• [RECORDS SUPPLIED]:
-- Opening Marker --

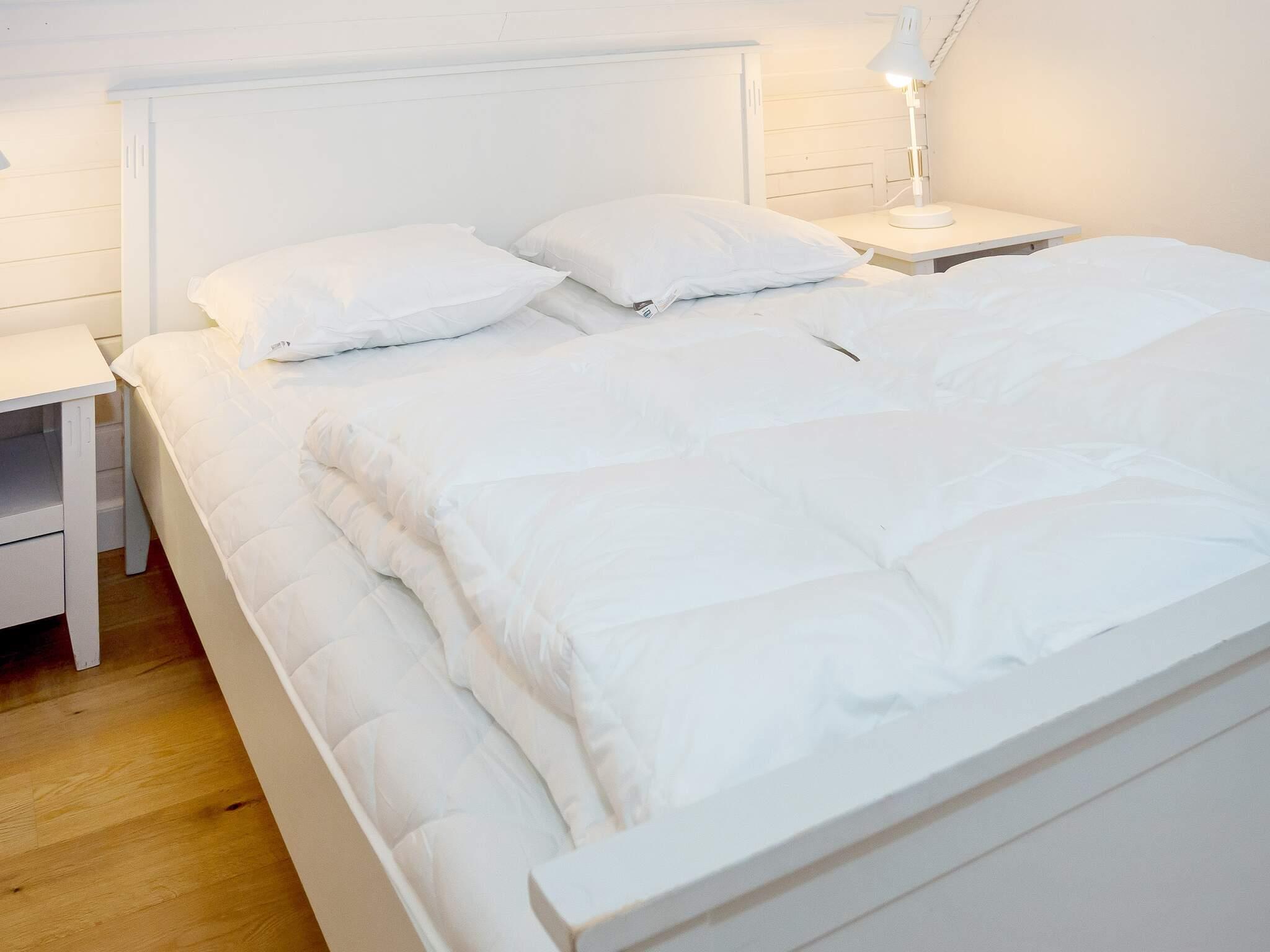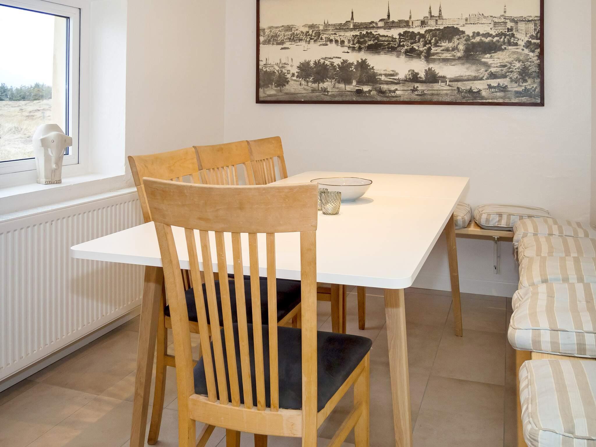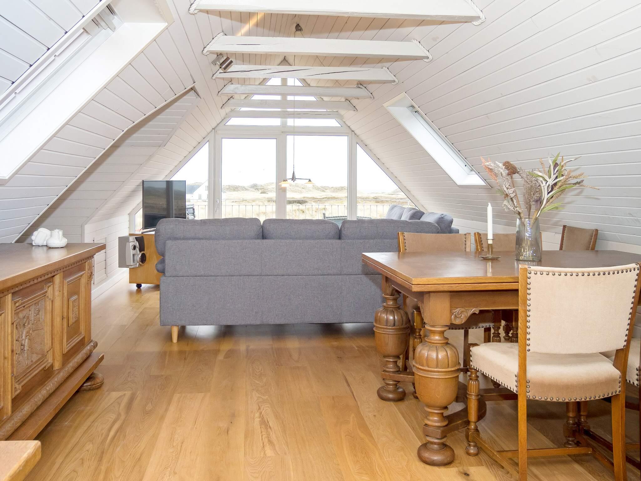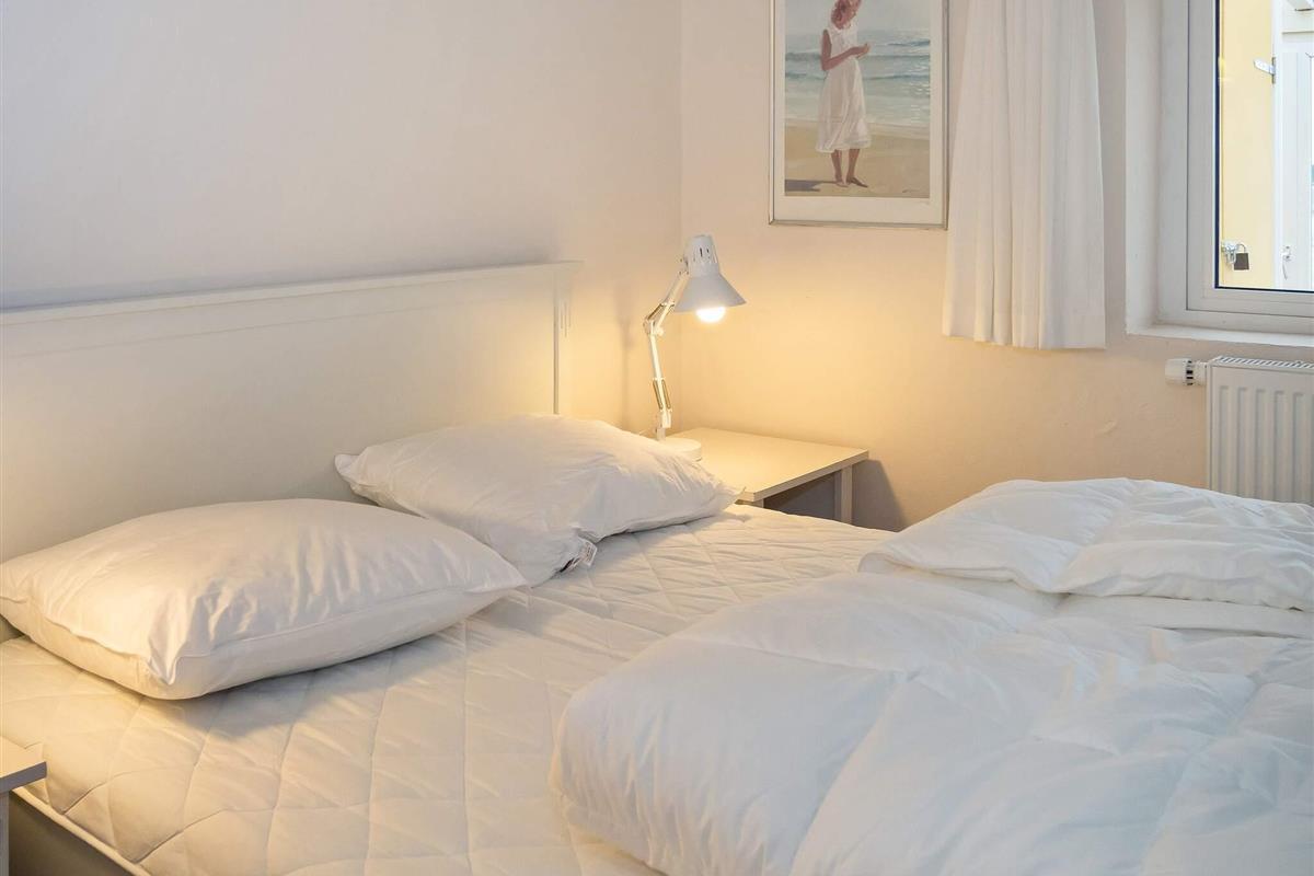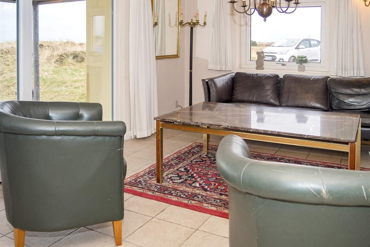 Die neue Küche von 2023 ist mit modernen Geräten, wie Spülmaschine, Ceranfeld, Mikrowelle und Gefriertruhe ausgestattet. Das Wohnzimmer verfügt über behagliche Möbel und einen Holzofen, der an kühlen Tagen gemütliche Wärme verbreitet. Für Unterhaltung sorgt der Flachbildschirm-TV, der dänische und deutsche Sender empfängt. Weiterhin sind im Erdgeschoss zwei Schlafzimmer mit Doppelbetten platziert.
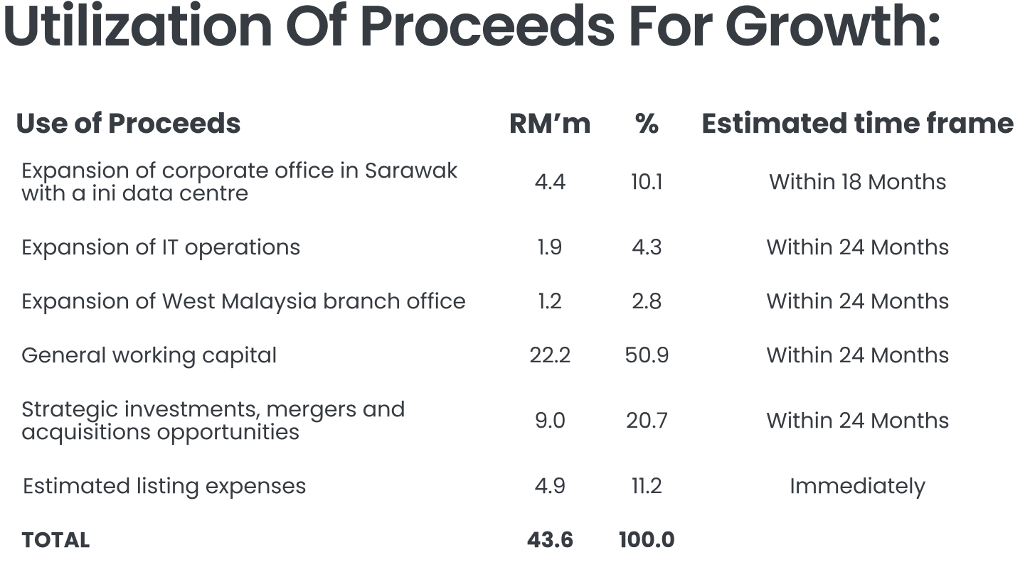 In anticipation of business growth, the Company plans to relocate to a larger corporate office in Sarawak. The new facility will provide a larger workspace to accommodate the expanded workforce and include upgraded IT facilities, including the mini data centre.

-- Closing Marker --
-- Opening Marker --

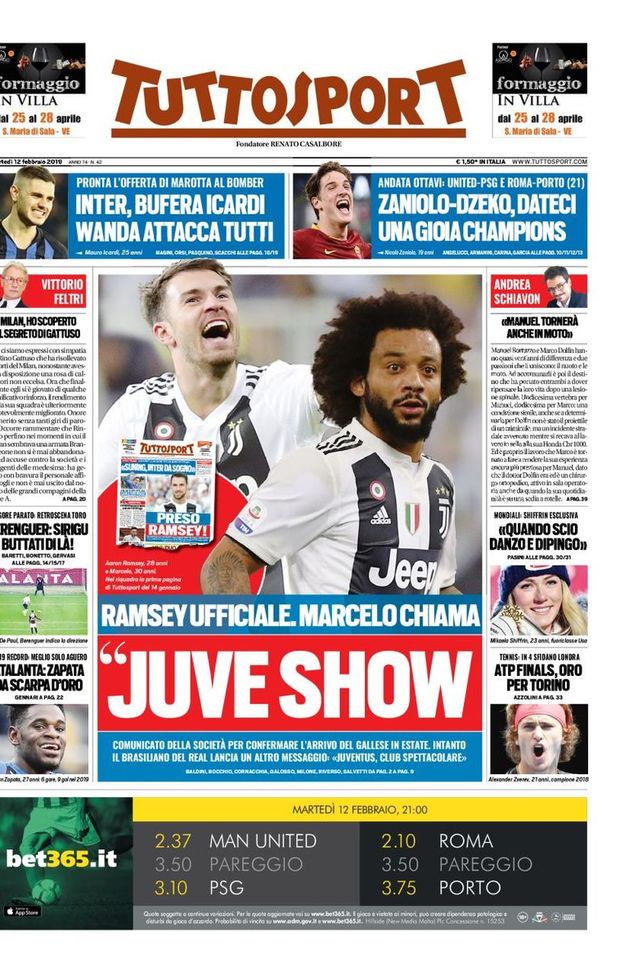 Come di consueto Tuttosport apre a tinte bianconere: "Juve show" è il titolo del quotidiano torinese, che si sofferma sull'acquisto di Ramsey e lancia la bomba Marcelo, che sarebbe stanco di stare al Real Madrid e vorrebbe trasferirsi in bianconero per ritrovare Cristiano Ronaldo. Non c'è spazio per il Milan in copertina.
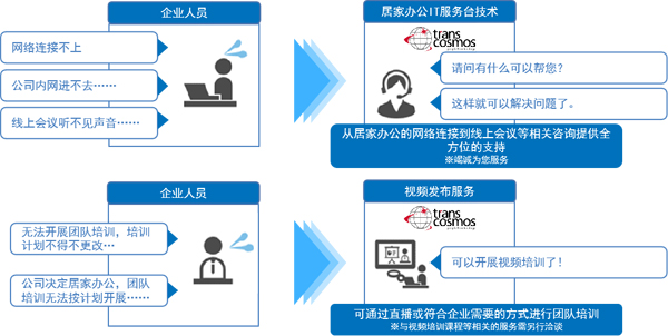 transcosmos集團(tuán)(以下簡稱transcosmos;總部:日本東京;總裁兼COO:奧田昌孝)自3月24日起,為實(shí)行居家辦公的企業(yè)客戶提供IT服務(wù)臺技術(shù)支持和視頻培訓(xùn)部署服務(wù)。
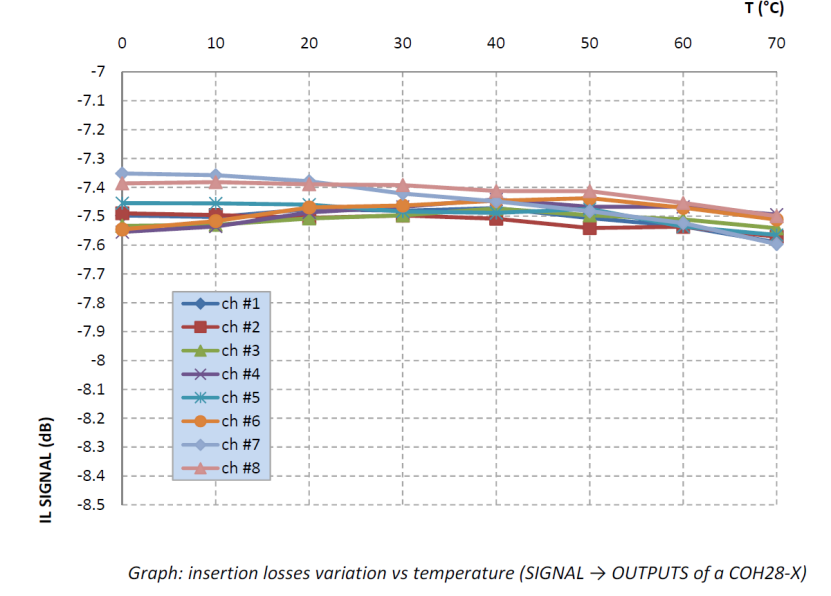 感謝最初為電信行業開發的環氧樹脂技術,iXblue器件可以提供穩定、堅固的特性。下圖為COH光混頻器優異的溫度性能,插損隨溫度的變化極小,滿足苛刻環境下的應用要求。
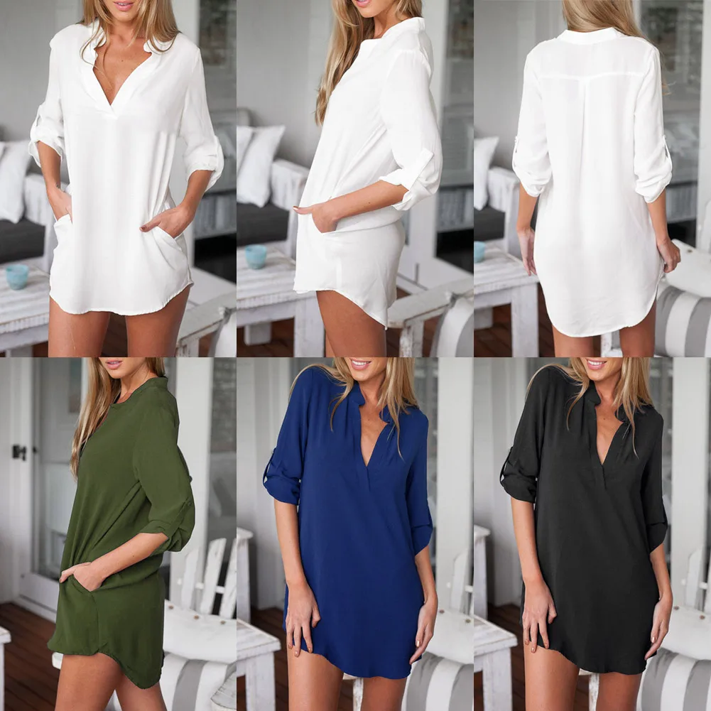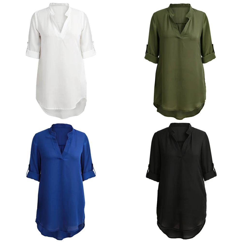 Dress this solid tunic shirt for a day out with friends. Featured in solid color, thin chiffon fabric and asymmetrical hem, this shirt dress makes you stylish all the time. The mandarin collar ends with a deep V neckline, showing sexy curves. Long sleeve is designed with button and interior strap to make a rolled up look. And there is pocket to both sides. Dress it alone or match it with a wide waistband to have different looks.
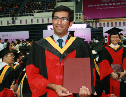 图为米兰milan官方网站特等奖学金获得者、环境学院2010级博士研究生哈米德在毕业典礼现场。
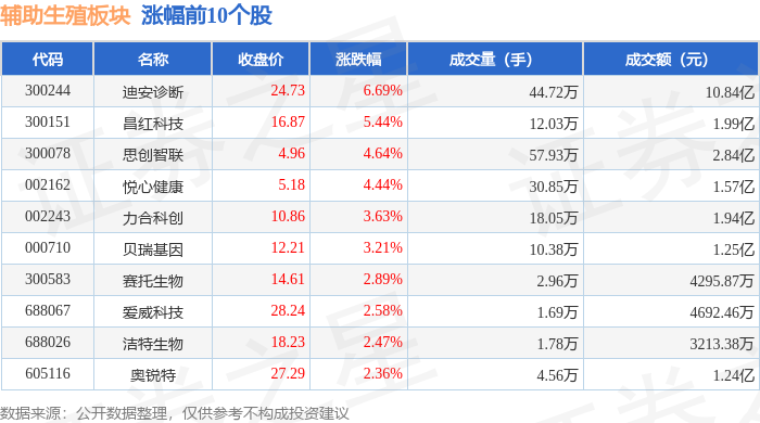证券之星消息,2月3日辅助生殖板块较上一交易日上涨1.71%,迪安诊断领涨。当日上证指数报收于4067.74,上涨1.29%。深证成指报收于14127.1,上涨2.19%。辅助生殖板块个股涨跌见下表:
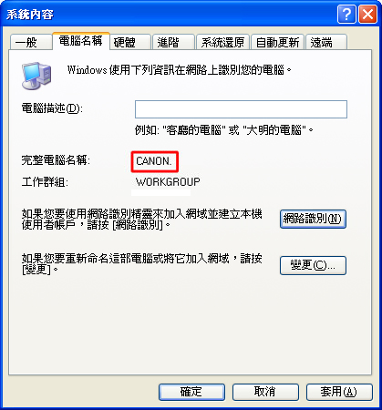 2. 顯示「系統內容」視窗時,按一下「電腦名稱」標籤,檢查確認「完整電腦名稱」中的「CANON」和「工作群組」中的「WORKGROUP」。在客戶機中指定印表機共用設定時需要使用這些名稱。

-- Closing Marker --
-- Opening Marker --

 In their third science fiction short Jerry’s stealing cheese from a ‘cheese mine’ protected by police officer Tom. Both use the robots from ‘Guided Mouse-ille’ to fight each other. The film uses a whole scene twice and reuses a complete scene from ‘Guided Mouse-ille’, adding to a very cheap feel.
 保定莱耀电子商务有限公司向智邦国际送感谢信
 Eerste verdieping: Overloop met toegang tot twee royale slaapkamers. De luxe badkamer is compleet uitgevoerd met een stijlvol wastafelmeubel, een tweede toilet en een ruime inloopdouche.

-- Closing Marker --

• [REQUIREMENT]: Please give back exactly the lines of the listing above that run from the one containing "保定莱耀电子商务有限公司向智邦国际送感谢信" through the one containing "Eerste verdieping: Overloop", and only those.

• [SOLUTION TO THE PROBLEM]:
 保定莱耀电子商务有限公司向智邦国际送感谢信
 Eerste verdieping: Overloop met toegang tot twee royale slaapkamers. De luxe badkamer is compleet uitgevoerd met een stijlvol wastafelmeubel, een tweede toilet en een ruime inloopdouche.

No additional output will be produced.